## DIRECTIONS FOR THIS TASK
Using the data that follows, return exactly the lines from the one that contains "It has been" through the one that contains "1~3월 동중국해의 평균", ends included.

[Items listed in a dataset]

★ ★ ★ ★ ★ ★ ★

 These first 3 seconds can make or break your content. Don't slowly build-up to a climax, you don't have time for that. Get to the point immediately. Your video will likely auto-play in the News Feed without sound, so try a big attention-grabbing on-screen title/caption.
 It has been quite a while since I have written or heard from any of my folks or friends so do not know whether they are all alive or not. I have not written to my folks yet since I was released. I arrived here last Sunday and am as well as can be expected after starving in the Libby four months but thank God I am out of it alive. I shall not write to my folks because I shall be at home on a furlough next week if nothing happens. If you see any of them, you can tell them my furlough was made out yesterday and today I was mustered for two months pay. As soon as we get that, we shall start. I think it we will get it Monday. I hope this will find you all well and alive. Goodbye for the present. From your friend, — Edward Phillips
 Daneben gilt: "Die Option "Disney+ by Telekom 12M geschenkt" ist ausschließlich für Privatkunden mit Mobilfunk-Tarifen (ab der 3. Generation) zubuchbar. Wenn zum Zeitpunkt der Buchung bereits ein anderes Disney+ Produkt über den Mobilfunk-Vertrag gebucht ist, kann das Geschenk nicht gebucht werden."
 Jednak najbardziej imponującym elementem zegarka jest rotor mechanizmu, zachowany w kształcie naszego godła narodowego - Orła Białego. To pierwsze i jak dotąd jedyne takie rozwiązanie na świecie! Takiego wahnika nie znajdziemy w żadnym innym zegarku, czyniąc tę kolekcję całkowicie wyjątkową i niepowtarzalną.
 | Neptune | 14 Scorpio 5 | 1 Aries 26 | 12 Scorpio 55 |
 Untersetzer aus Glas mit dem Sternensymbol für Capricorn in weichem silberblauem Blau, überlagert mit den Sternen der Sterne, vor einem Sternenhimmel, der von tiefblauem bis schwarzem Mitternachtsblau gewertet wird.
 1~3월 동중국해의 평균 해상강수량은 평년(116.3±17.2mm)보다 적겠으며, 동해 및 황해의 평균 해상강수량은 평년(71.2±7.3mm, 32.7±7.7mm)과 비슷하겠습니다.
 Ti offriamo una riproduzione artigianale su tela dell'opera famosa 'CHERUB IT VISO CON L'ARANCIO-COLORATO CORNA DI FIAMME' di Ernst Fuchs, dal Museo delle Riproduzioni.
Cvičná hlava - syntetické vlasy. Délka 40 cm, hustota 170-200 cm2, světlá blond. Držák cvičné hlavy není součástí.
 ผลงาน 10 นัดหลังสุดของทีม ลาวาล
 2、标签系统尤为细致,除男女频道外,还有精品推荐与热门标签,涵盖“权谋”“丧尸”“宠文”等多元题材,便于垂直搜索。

★ ★ ★ ★ ★ ★ ★

## WRITTEN ANSWER
 It has been quite a while since I have written or heard from any of my folks or friends so do not know whether they are all alive or not. I have not written to my folks yet since I was released. I arrived here last Sunday and am as well as can be expected after starving in the Libby four months but thank God I am out of it alive. I shall not write to my folks because I shall be at home on a furlough next week if nothing happens. If you see any of them, you can tell them my furlough was made out yesterday and today I was mustered for two months pay. As soon as we get that, we shall start. I think it we will get it Monday. I hope this will find you all well and alive. Goodbye for the present. From your friend, — Edward Phillips
 Daneben gilt: "Die Option "Disney+ by Telekom 12M geschenkt" ist ausschließlich für Privatkunden mit Mobilfunk-Tarifen (ab der 3. Generation) zubuchbar. Wenn zum Zeitpunkt der Buchung bereits ein anderes Disney+ Produkt über den Mobilfunk-Vertrag gebucht ist, kann das Geschenk nicht gebucht werden."
 Jednak najbardziej imponującym elementem zegarka jest rotor mechanizmu, zachowany w kształcie naszego godła narodowego - Orła Białego. To pierwsze i jak dotąd jedyne takie rozwiązanie na świecie! Takiego wahnika nie znajdziemy w żadnym innym zegarku, czyniąc tę kolekcję całkowicie wyjątkową i niepowtarzalną.
 | Neptune | 14 Scorpio 5 | 1 Aries 26 | 12 Scorpio 55 |
 Untersetzer aus Glas mit dem Sternensymbol für Capricorn in weichem silberblauem Blau, überlagert mit den Sternen der Sterne, vor einem Sternenhimmel, der von tiefblauem bis schwarzem Mitternachtsblau gewertet wird.
 1~3월 동중국해의 평균 해상강수량은 평년(116.3±17.2mm)보다 적겠으며, 동해 및 황해의 평균 해상강수량은 평년(71.2±7.3mm, 32.7±7.7mm)과 비슷하겠습니다.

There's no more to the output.